The best friends are the ones who want the best for you, not the ones that want to make the biggest show of friendship. And when you're in need, the best friends are the ones who give the best help and the soundest advice, not necessarily the ones who are focused on displaying their loyalty. That advice includes talking sense to you when you need it, and the friend who won't or can't do that is a sorry friend to have.
If you've had too much to drive, the best friend you have is the one who takes your car keys away. The worst is the one who loudly declares that if you say you can drive, you can drive, and tells you not to listen to the haters. The guy who unconditionally supports your decision to drive while plastered really is sincere, and he wants you to know how much he likes you. It's just that you may never see him again. The guy who tells you you're drunk and lets you curse him in a rage, but ends up driving you home, is the guy.

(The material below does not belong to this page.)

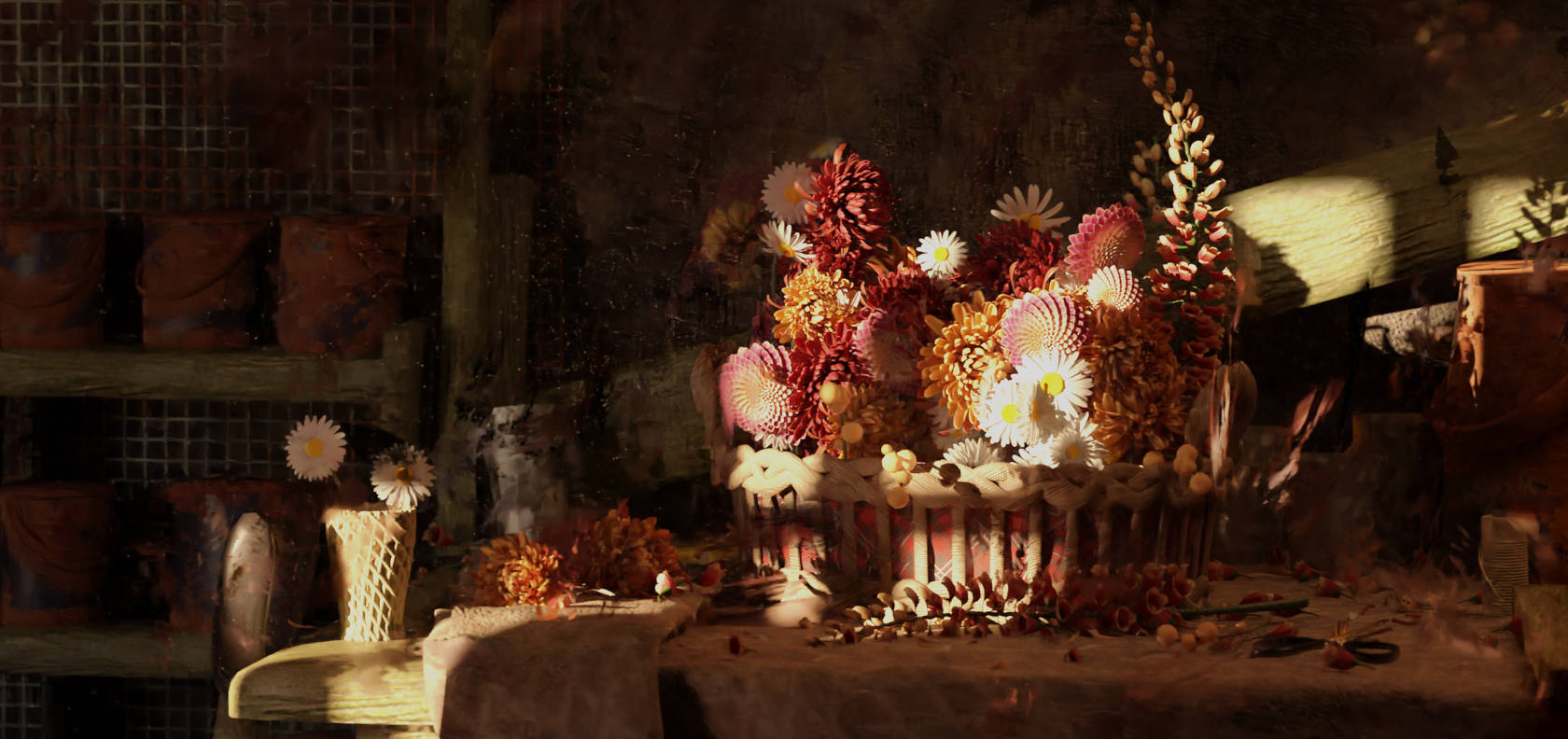 Blender 2.93 splash and interline images by Erindale Woodford. Geometry Nodes building by Felipe del Rio. Sculpt Mask demo by Julien Kaspar. LineArt artwork by Yiming Wu. Grease Pencil Fill demo by Tuatea Schmidt. Eevee DoF demo by Eris Snail. Eevee DoF Kitchen demo by Joni Mercado. Eevee Smoke by Clément Foucault. Cycles angle spread artwork by Juan Gea Rodriguez.

For a long, long time now, American political discussion of Israel has been dominated by the better-friend-than-thou camp, the people concerned with demonstrating their superior loyalty to Israel. And those people have shouted down anyone who doesn't back every Israeli action, no matter how foolish or self-destructive, as not true friends of Israel: indeed, tried to brand anyone who talks sense to Israel as its enemy, an anti-Semite or "self-hating Jew." These people have been more concerned in displaying the intensity of friendship than in living up to the full obligations of friendship. Think that killing civilians is counter-productive? Then, according to the self-proclaimed friends of Israel, you're an anti-Semite, and you should shut up. If you were a real friend, you would support any military action by Israel, no matter how bad a strategy it is in the long run. Are you saying Bibi Netanyahu can't hold his liquor?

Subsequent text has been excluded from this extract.